- **Action item**: Return every record below exactly; leave out the images.

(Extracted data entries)
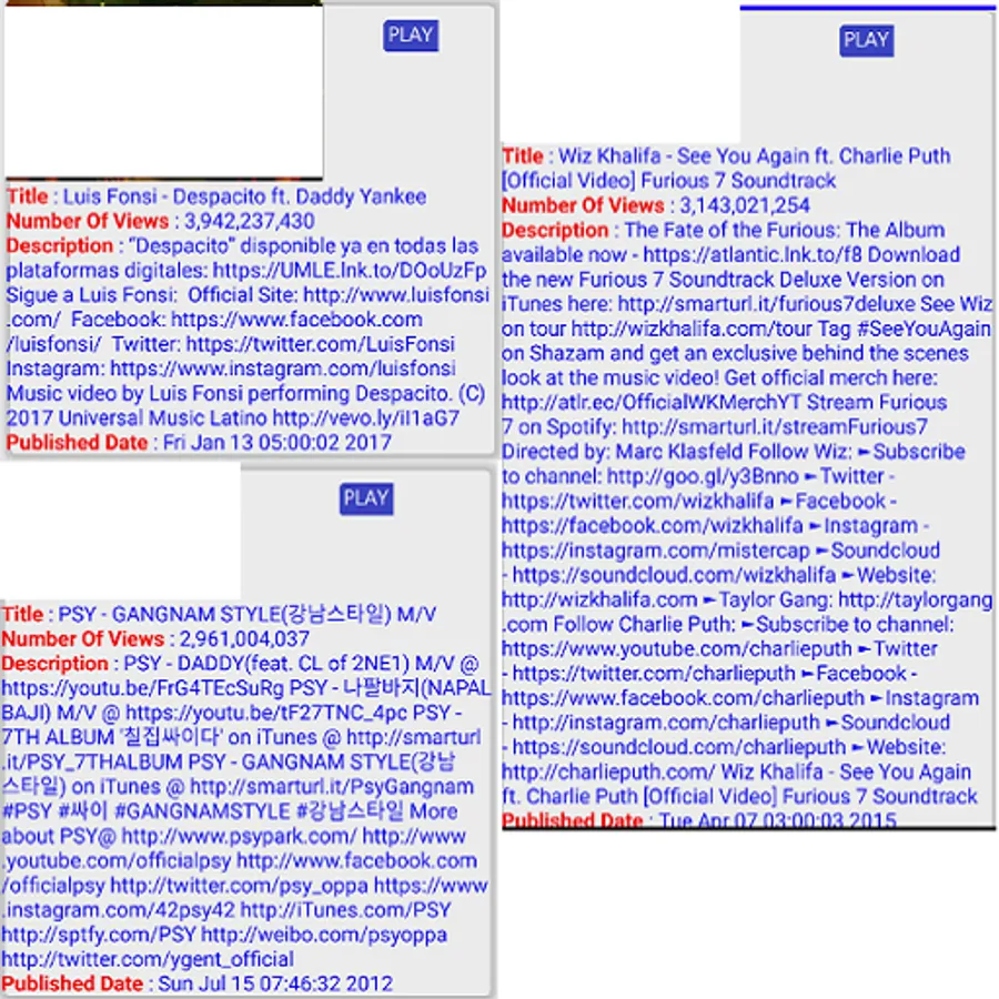 This app shows 91 YouTube videos , the videos view by a billion times or above or near to billion that means in the near future those below billion views videos will reach billion and above views .
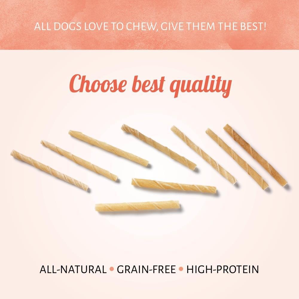 Ihr Hund wird von unseren leckeren Roll Sticks Hundekausnacks begeistert sein, die sowohl viel Geschmack als auch Protein enthalten. Und während Ihr Hund auf den Sticks herumkaut, reinigt er auch seine Zähne. Ihr Vierbeiner kann diesem Kauspaß nicht widerstehen!
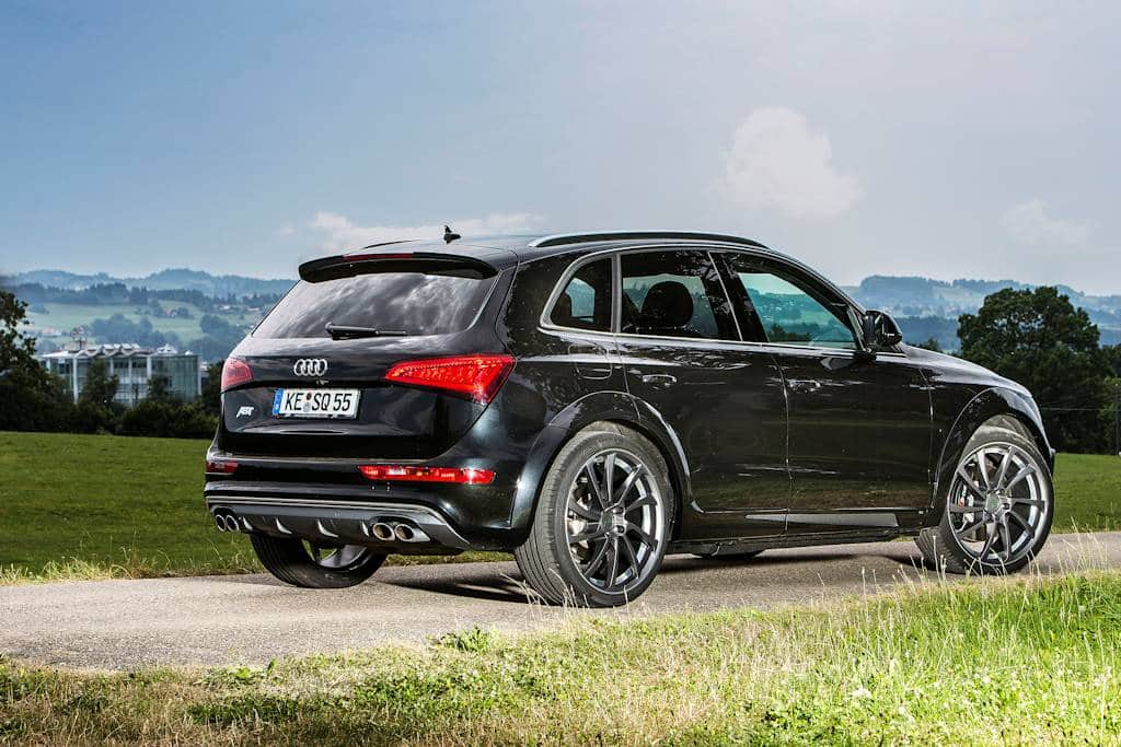 In Zahlen liest sich das so: Aus den serienmäßigen 313 PS (230 kW) werden bei ABT Sportsline 360 PS bzw. 265 kW. Das Drehmoment steigt von 650 auf immense 700 Nm. Wer will, kann eine extravagante und selbstbewusste Breitbau-Variante wählen, damit ist der getunte Audi SQ5
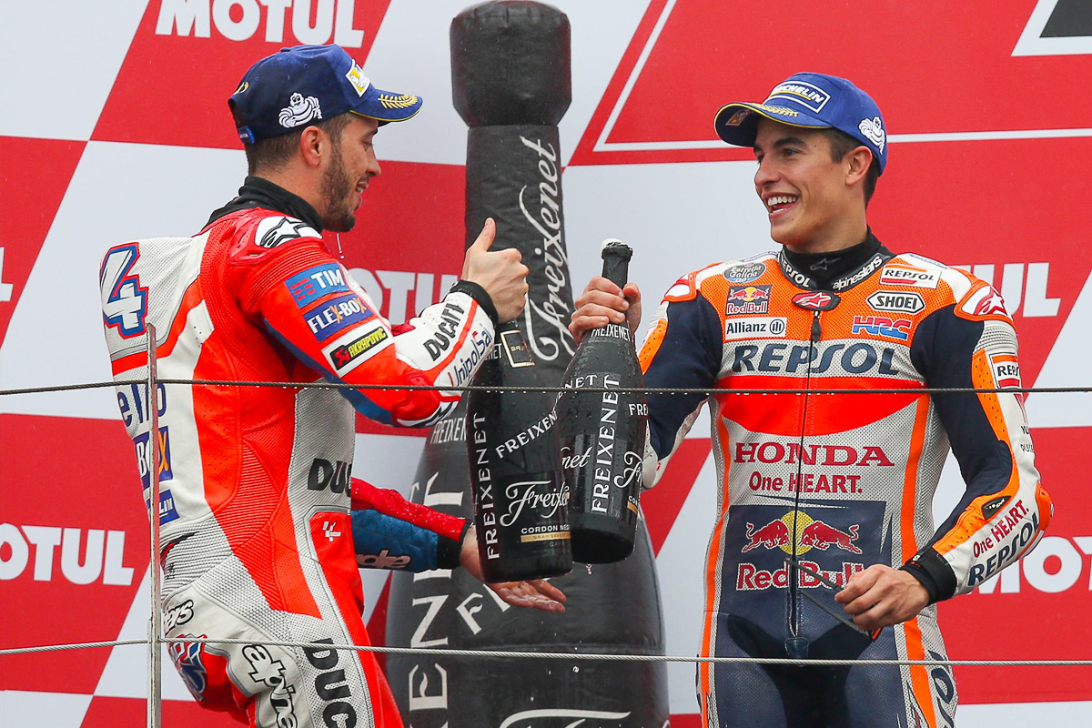 Dovizioso juga mempunyai rekod kemenangan yang sama dengan Marquez untuk tahun 2017 ini tetapi hanya dua penamat podium yang lain yang telah dicapainya. Berbanding dengan Marquez, hanya satu DNF sahaja buat Dovizioso pada musim ini namun keputusan perlumbaannya agak tidak konsisten dengan penamat perlumbaan yang paling rendah di tempat ke-13 di Australia.
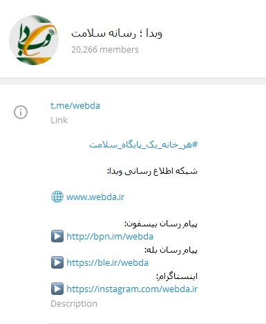 تنها کانال وزارت بهداشت در فضای مجازی کانال «وبدا» است. همچنین کاربران و مخاطبان می‌توانند برای اطلاع از توصیه‌های وزارت بهداشت از دیگر درگاه‌های ارتباطی رسمی این وزارتخانه به نشانی‌های زیر استفاده کنند.
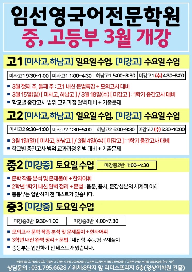 [임선영국어] 1학기 내신대비수업을 개강합니다.
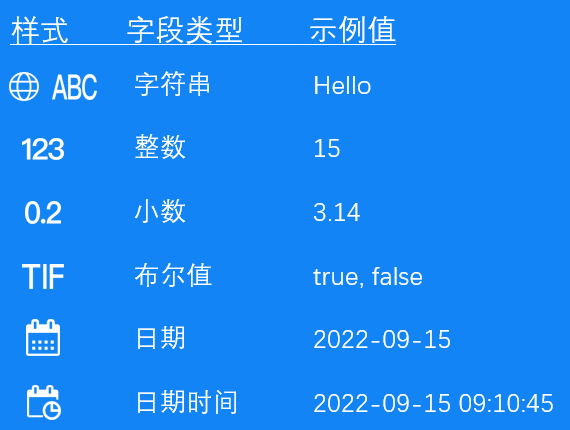 本产品提供了6种字段类型:字符串、整数、小数、布尔值、日期和日期时间。
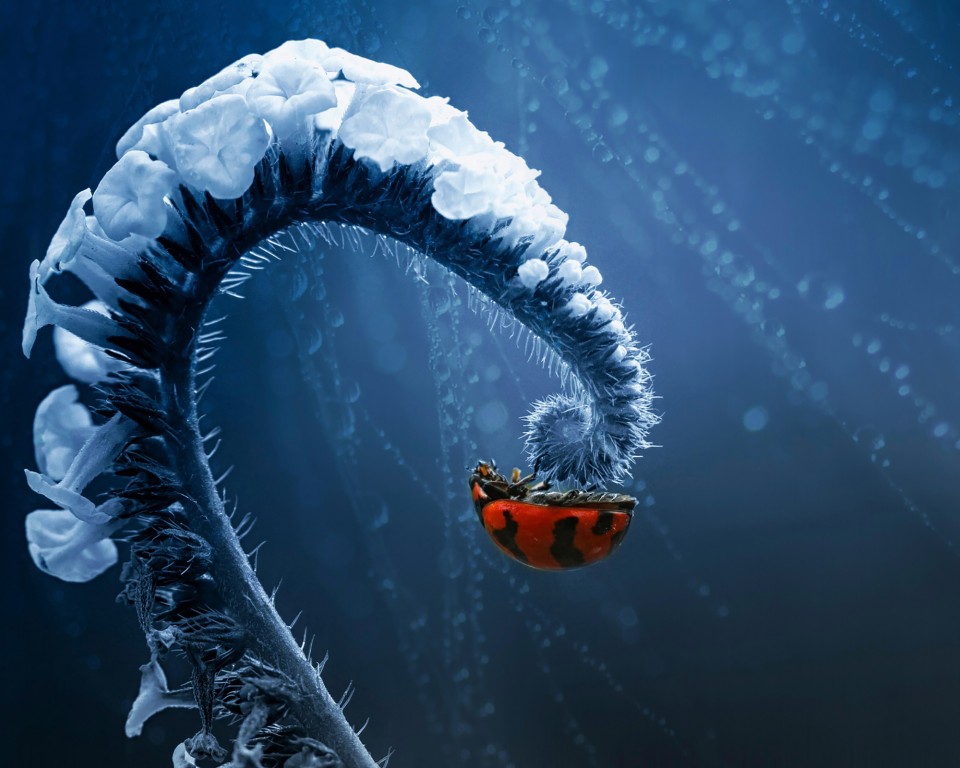 Ladybug Swirl White Plant Macro Wallpaper - 960x768
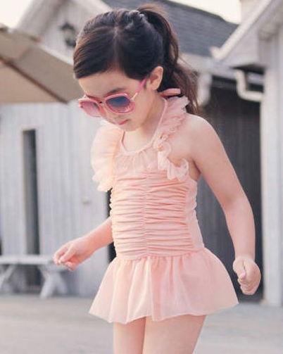 Children's swimsuit girl swimsuit Korean version of one-piece dress parent-child dress mother and daughter baby send swimming cap Little Princess swimsuit

- **Answer**:
 This app shows 91 YouTube videos , the videos view by a billion times or above or near to billion that means in the near future those below billion views videos will reach billion and above views .
 Ihr Hund wird von unseren leckeren Roll Sticks Hundekausnacks begeistert sein, die sowohl viel Geschmack als auch Protein enthalten. Und während Ihr Hund auf den Sticks herumkaut, reinigt er auch seine Zähne. Ihr Vierbeiner kann diesem Kauspaß nicht widerstehen!
 In Zahlen liest sich das so: Aus den serienmäßigen 313 PS (230 kW) werden bei ABT Sportsline 360 PS bzw. 265 kW. Das Drehmoment steigt von 650 auf immense 700 Nm. Wer will, kann eine extravagante und selbstbewusste Breitbau-Variante wählen, damit ist der getunte Audi SQ5
 Dovizioso juga mempunyai rekod kemenangan yang sama dengan Marquez untuk tahun 2017 ini tetapi hanya dua penamat podium yang lain yang telah dicapainya. Berbanding dengan Marquez, hanya satu DNF sahaja buat Dovizioso pada musim ini namun keputusan perlumbaannya agak tidak konsisten dengan penamat perlumbaan yang paling rendah di tempat ke-13 di Australia.
 تنها کانال وزارت بهداشت در فضای مجازی کانال «وبدا» است. همچنین کاربران و مخاطبان می‌توانند برای اطلاع از توصیه‌های وزارت بهداشت از دیگر درگاه‌های ارتباطی رسمی این وزارتخانه به نشانی‌های زیر استفاده کنند.
 [임선영국어] 1학기 내신대비수업을 개강합니다.
 本产品提供了6种字段类型:字符串、整数、小数、布尔值、日期和日期时间。
 Ladybug Swirl White Plant Macro Wallpaper - 960x768
 Children's swimsuit girl swimsuit Korean version of one-piece dress parent-child dress mother and daughter baby send swimming cap Little Princess swimsuit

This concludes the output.